By Lucia Mutikani
WASHINGTON, May 12 (Reuters) – U.S. consumer prices rose at a brisk clip for a second straight month in April, resulting in the largest annual increase in inflation in nearly three years and further bolstering expectations the Federal Reserve would keep interest rates unchanged for a while.
The Consumer Price Index increased 0.6% last month after surging 0.9% in March, the Labor Department’s Bureau of Labor Statistics said on Tuesday. Economists polled by Reuters had forecast the CPI rising 0.6%. Estimates ranged from a 0.4% gain to a 0.9% increase.
The moderation after posting the largest increase since June 2022 was mostly mechanical. Oil prices shot above $100 a barrel in March following strikes against Iran by the U.S. and Israel, before pulling back to still-high levels after a ceasefire in early April.
In the 12 months through April, the CPI advanced 3.8%. That was the biggest year-on-year increase since May 2023 and followed a 3.3% rise in March.
The back-to-back strong inflation readings will escalate political risk for President Donald Trump and his Republican party ahead of November’s midterm elections. Trump won re-election in 2024 in large part because of his promise to reduce inflation, but Americans have soured on his handling of the economy and many blame him for the pain at the pump.

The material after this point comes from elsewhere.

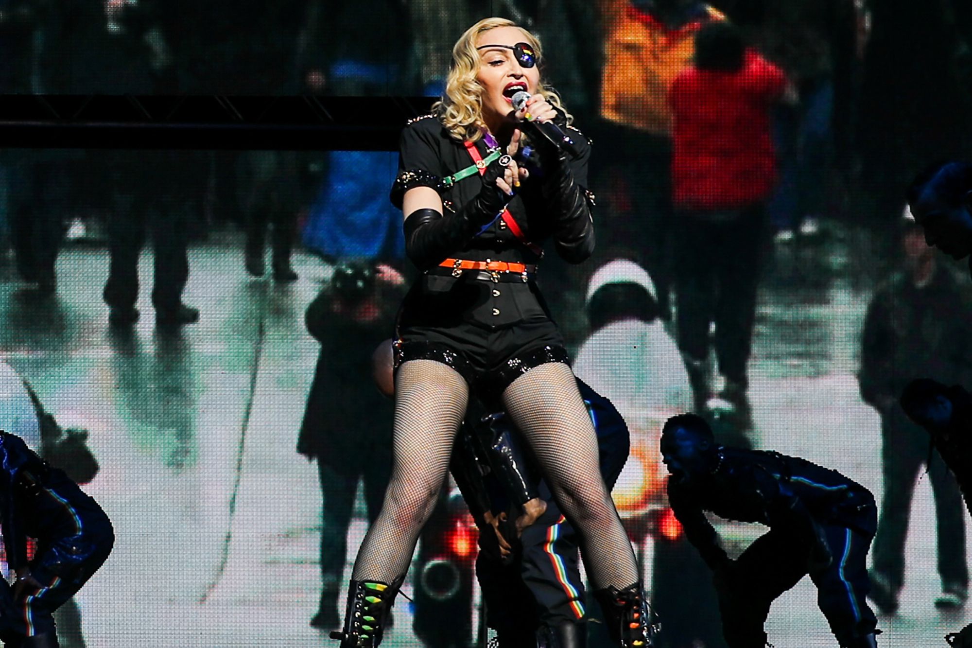 And there were more. Film-noir detectives pursued and interrogated Madonna in another disco-tinged song, I Don’t Search I Find; Crave, which warns, “My cravings get dangerous,” flaunted a full-sized disco ball. A pair of robotic but sinuous dancers, with red lights for eyes, flanked Madonna as she sat at a piano for the ominous Future, while the video screen filled with images of urban and environmental destruction. She surrounded herself with a choir of brightly robed women and geometric Arabic designs in Come Alive, which used the metal castanets and triplet rhythm of Moroccan gnawa music to back her as, once again, Madonna’s lyrics rejected unwanted opinions and restrictions.

The war has driven oil prices higher, which was immediately reflected in more expensive gasoline, diesel and jet fuel. Economists believe the second-round effects would be felt in the months ahead. The report followed news last week of a bigger-than-anticipated increase in nonfarm payrolls in April.
Financial markets expect the U.S. central bank to keep rates unchanged into 2027. The Fed, which tracks the Personal Consumption Expenditures price indexes for its 2% inflation target, last month left its benchmark overnight interest rate in the 3.50%-3.75% range.
Excluding food and energy, the CPI climbed 0.4% last month, partly lifted by a one-time adjustment to rent measures after last year’s shutdown of the federal government prevented data collection in October.
The BLS splits its rent survey into six panels. Each panel is sampled every six months on a rotating basis. The BLS used a method called carry-forward imputation for rent and OER to account for the missing data, which had artificially lowered the rent indexes. The so-called core CPI increased 0.2% in March.
Most economists believe the pass-through from Trump’s sweeping tariffs was probably over. The U.S. Supreme Court struck down the duties in February, lowering the effective tariff rate. Core CPI inflation advanced 2.8% year-on-year in April after rising 2.6% in March.